Fourteen advanced melanoma patients across three dose cohorts
now have Objective Response Rate (ORR) and Disease Control Rate
(DCR) data. Six patients in cohort 3 (8 mg/kg GR-MD-02) have now
been added to the three patients in cohort 2 (4 mg/kg GR-MD-02) and
the five patients in cohort 1 (2 mg/kg GR-MD-02). Cohorts 1 and 3
each had two patients with an objective response. All three
patients in cohort 2 had an objective response.
Generally, the U.S. Food and Drug Administration has defined
objective response rate as the sum of partial responses plus
complete responses. Disease control rate is the objective responses
plus those with stable disease.
In addition to the fourteen advanced melanoma patients, six
patients with head and neck cancer were enrolled in this phase 1b
trial with a 33% objective response rate and a 67% disease control
rate. Dr. Curti states “the response rates observed overall in
advanced melanoma and head and neck cancer patients were better
than expected with KEYTRUDA alone and are the basis for moving
forward with both tumor types, particularly given the low response
rates of anti-PD-1 monotherapy in head and neck cancer. There is a
significant clinical need for better options for these patients and
our initial objective response rates were encouraging enough to
warrant inclusion of additional patients to help determine whether
we should also pursue these challenging patient populations in a
phase 2 trial. Taken together with the observed favorable safety
and tolerability of the combination, these results provide a
compelling rationale to move forward with this approach.” Given
that all three melanoma patients (100%) were responders at 4 mg/kg
dose, the investigators plan to continue the trial with expansion
of the 4 mg/kg GR-MD-02 and KEYTRUDA cohort to include additional
advanced melanoma patients and additional head and neck cancer
patients.
“In addition to the encouraging clinical responses seen thus
far, we continue to make progress on identifying immunological
biomarkers that correlate with favorable responses,” said William
L. Redmond, Ph.D., Associate Member, Laboratory of Cancer
Immunotherapy, and Director, Immune Monitoring Laboratory at the
Earle A. Chiles Research Institute, a division of Providence Cancer
Institute. “We have observed a significant decrease in the
frequency of suppressive myeloid-derived suppressor cells (MDSC)

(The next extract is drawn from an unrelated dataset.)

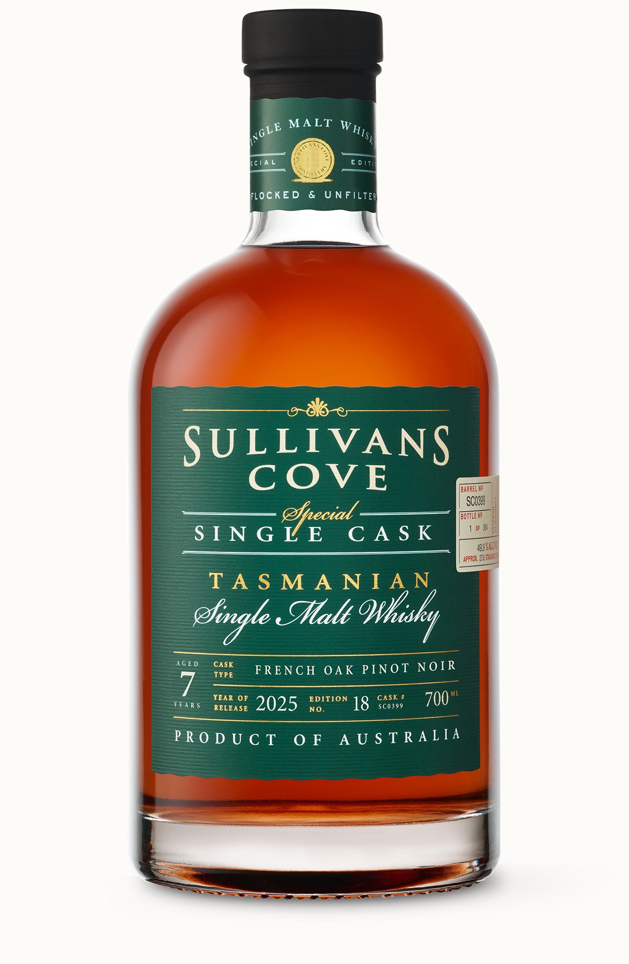 A deeply expressive whisky balancing fresh Pinot Noir with the slow-developed depth of toasting and age - layered, complex, and unmistakably Sullivans Cove.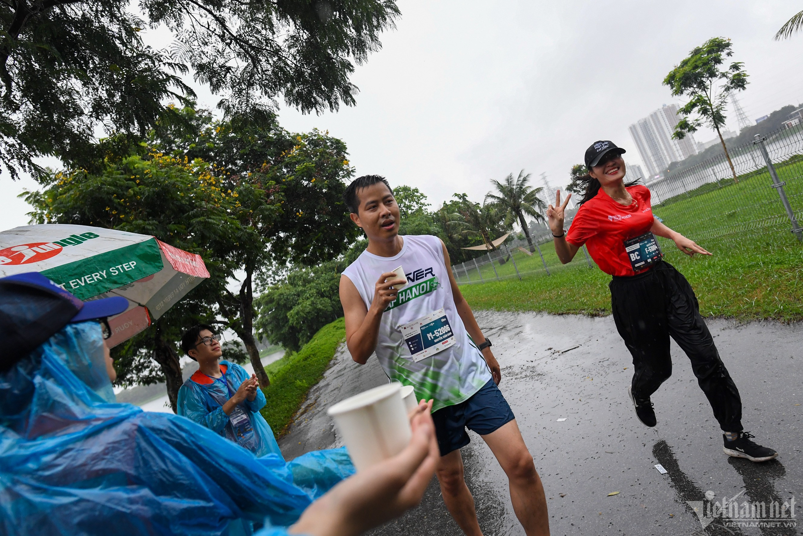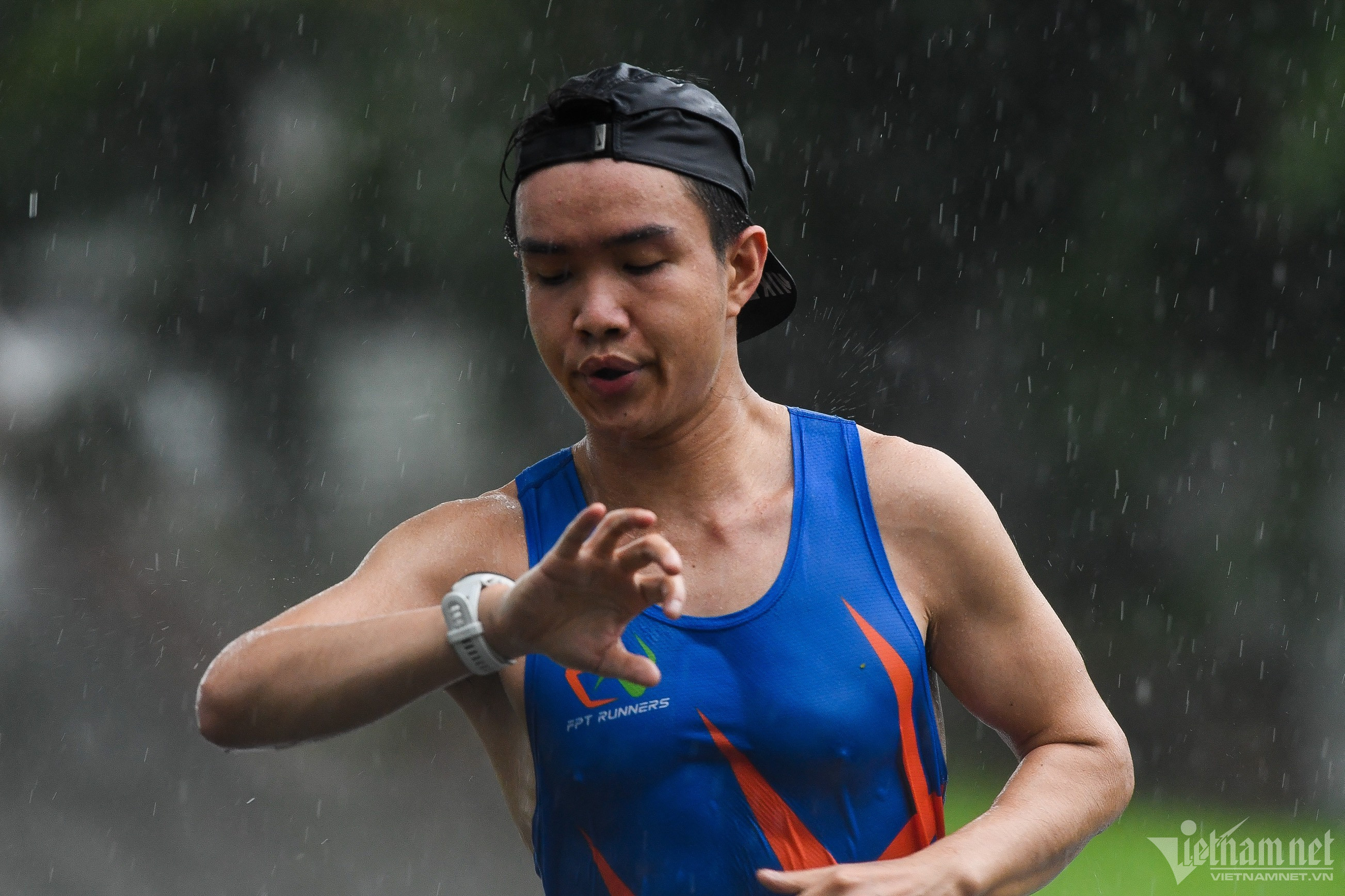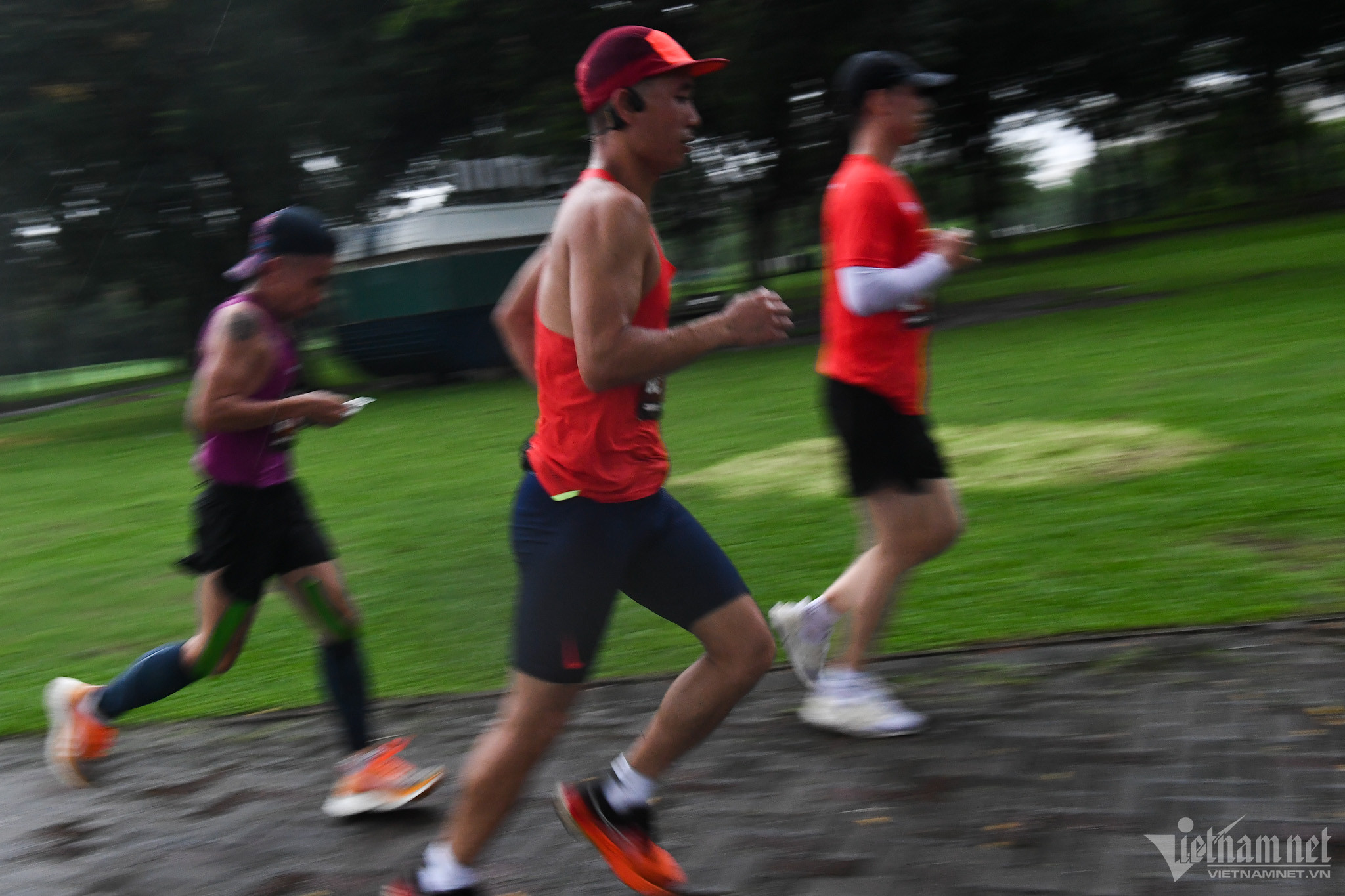 Mưa nặng hạt, đường trơn trượt nhưng không làm khó các "vận động viên". Một số người vẫn hào hứng tạo dáng trên đường chạy khi nhìn thấy ống kính máy ảnh.

following treatment in the responding patients (on day 85
post-treatment). Comprehensive laboratory studies are being
performed to further identify the biological mechanisms associated
with this response.”
“Galectin Therapeutics is very pleased with our continuing
collaboration with Providence Cancer Institute, and we are
encouraged that Dr. Curti and his team are expanding the trial to
include additional patients,” said Harold Shlevin, Ph.D., CEO and
President of Galectin Therapeutics. “The planned expansion of the
size of the 4 mg/kg dose cohort, and inclusion of both advanced
melanoma patients and patients with head and neck cancer, will
permit further evaluation that the use of GR-MD-02 in combination
with KEYTRUDA has a better objective response rate and fewer
adverse events than KEYTRUDA alone. We believe this collaboration
with Providence to be a fruitful approach to helping to determine
the potential of GR-MD-02 in combination immuno-therapy, and it
also leverages our ability to collect additional data related to
the immunological monitoring of these patients before potentially
proceeding to the next phase of development.”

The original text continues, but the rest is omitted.